When I worked at Penguin Books in the 1990s, I was fortunate to work with an inspirational person whose job it was (from a darkened office deep in London W8) to manage the publishers’ full fiction and non-fiction stocklists. These chunky A4 booklets were printed on a monthly basis and needed to take into account every single available title and its current price as well as available stockpacks and gift-sets.
Although Penguin had a robust in-house stock management IT system, the entire list of books published by Penguin, Puffin and partner publishers like Rough Guides, needed to be translated into meaningful sections and categories via the Penguin Stocklist. This allowed staff in bookshops over the world to find information about the book they needed, and to order it. This was well before you could just ‘look it up’ online. Amazon was still four or five years off its first online offerings.

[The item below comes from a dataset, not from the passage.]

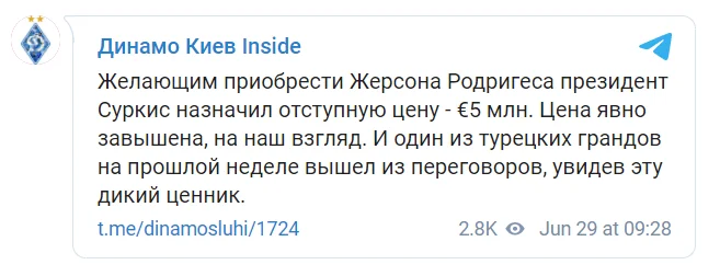 За інформацією Telegram-каналу "Динамо Київ Inside", президент "біло-синіх" Ігор Суркіс призначив відступну ціну на гравця у розмірі 5 млн євро. Сума вже встигла відлякати одного з турецьких грандів, який минулого тижня вийшов з переговорів щодо футболіста.

This was pre-digital, the days of using Tippex for correcting typing mistakes, of relying on mammoth chuntering photocopiers to distribute information, and let’s be clear – golfball typewriters were only just being hauled out of office buildings to die peacefully and heavily somewhere (where did they all go?). Email was for early-adopters only, internal memos still rushing around buildings and to warehouses carried in mail trolleys and vans.
The point is that this one person had an encyclopedic knowledge of Penguin’s back catalogue, which was added to by maybe 150+ titles each month, and yet she knew by heart most of the author’s names and titles. I knew quite a few individual book numbers (ISBNs) myself but nothing could match the details held in Lorna’s head or the accuracy of each of these monthly stocklists. Mistakes were quite unheard of (and unlike today, would have been spotted by similarly obsessive and eagle-eyed book retailers).
The reams of available titles were made sense of by careful categorisation and rolling audits.
These days information management techniques such as this have changed beyond recognition. We expect to see in milliseconds every available image or text around a particular keyword or phrase. Categories went out of fashion when search wowed us.
But now we are shifting from Web 2.0 to Web 3.0, and with a great amount of information just useless noise, the curation of relevant content (‘people tagging things as they publish’) has become hot again via blogs and Twitter hashtags. Tagging helps us promote our stuff, and helps others find what they want, and parcels stuff off for ‘personalisation’ of content in the future.
Online content needs to be categorised to enable syndication, to ensure it is findable and can be connected with other similar content. There is geeky excitement over shared and open data whereby content ‘knows about itself’ for want of a better way of describing it – and can syndicate itself in more ways than originally envisaged. You can imagine lots of scenarios, many of which are happening already in comparison sites, one-stop travel shops etc.
Microformats* already help content editors indicate the type of information pages hold (such as address data or authorship data or event data), allowing the potential for mashups with data on other sites. You only have to look at content aggregated around maps for instance, or Google ‘at a glance’ section regarding local information, to see this kind of ‘machine-readable knowledge’ in action.
What do you use categories for? Anyone who has a blog will know about blog categories for sure. What about Twitter lists – do you create these to help with information overload?
I have lost touch with Lorna T. – the indefatigable Penguin Stocklist guru – but if you’re out there please get in touch if you find this post!
“Microformats are a way of adding simple markup to human-readable data items such as events, contact details or locations, on web pages, so that the information in them can be extracted by software and indexed, searched for, saved, cross-referenced or combined.”